After you install it, you can use the OSD to display the framerate, video memory utilization, and GPU utilization while running a game that you would normally play at the settings and resolution you would like to ideally run it at. If your framerate is not where you'd like it to be and the GPU utilization is at 99-100%, then you could definitely benefit from a faster graphics card.

You can repeat this process when you are up and running on your new graphics card and see if the CPU is bottle-necking it. Just do the same thing but also have the Windows Task Manager running in the background so that way it tracks your CPU utilization.
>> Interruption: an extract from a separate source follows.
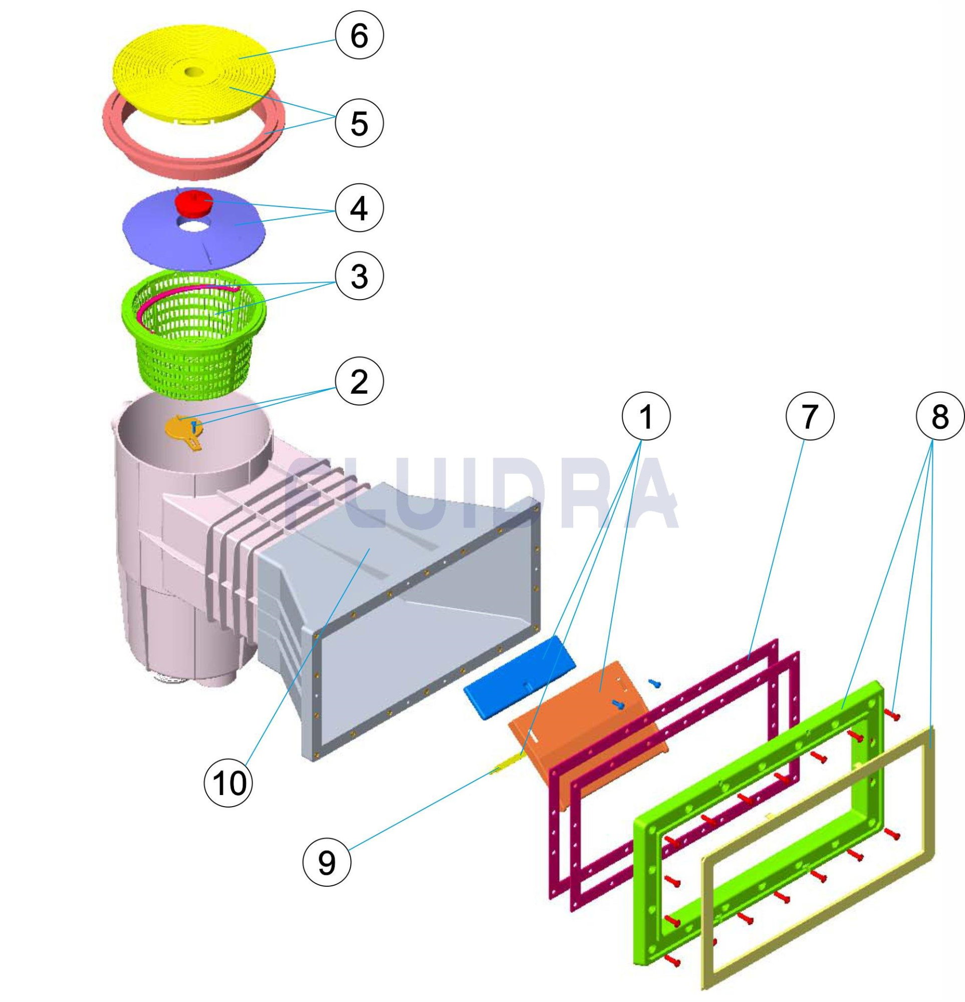 Подложка и преф. басейн - 15 L Скимери • Всички компоненти, които са изложени в тази гама скимери, са с UV обработка. • Изработени от ABS, те се доставят с преградна клапа и възвратен клапан на регулатора на потока. • Връзка на долната смукателна дюза: 11/2" вътрешна резба, 2" външна резба. • Едновременно свързване към главния отвод: Ø 50 mm вътрешна стена. • Преливна връзка: Ø 40 мм. • Капан за листа. • Препоръчителен дебит: 7,5 m3/h. • Препоръчително е да се инсталира един скимер на всеки 25 m2 водна повърхност. • Всички скимери се предлагат в два различни модела: модел с вложки и модел PARKER, който се доставя със самонарезни винтове. Доставя се със залепващи уплътнения, фланец и винтове.

For example, I have a AMD Phenom II X4 at 3.534 GHz and a GTX 560 Ti OC to 985/1970/2155 and running any game at Ultra settings at 1680x1050 (my monitor's native res) does not fullly max out the CPU on any one core on any modern game except for Crysis 2. That game with the DX11 patch, Ultra Settings, and Hi-Res Textures will max out one core with the rest at about 85%. But still very playable framerates for sure. In my case I upgraded from a 9800 GT to this card (with same CPU) and the upgrade was well worth it.


My Phenom II 920 did nt max out on task manager, it got 80% but like I said when I upgraded to the 2600K BIG difference in performance and i still used the same video card.
Now playing Black Ops i use 24% of my CPU usage. I have 3 screens so Im always watching temps and CPU/GPU usage.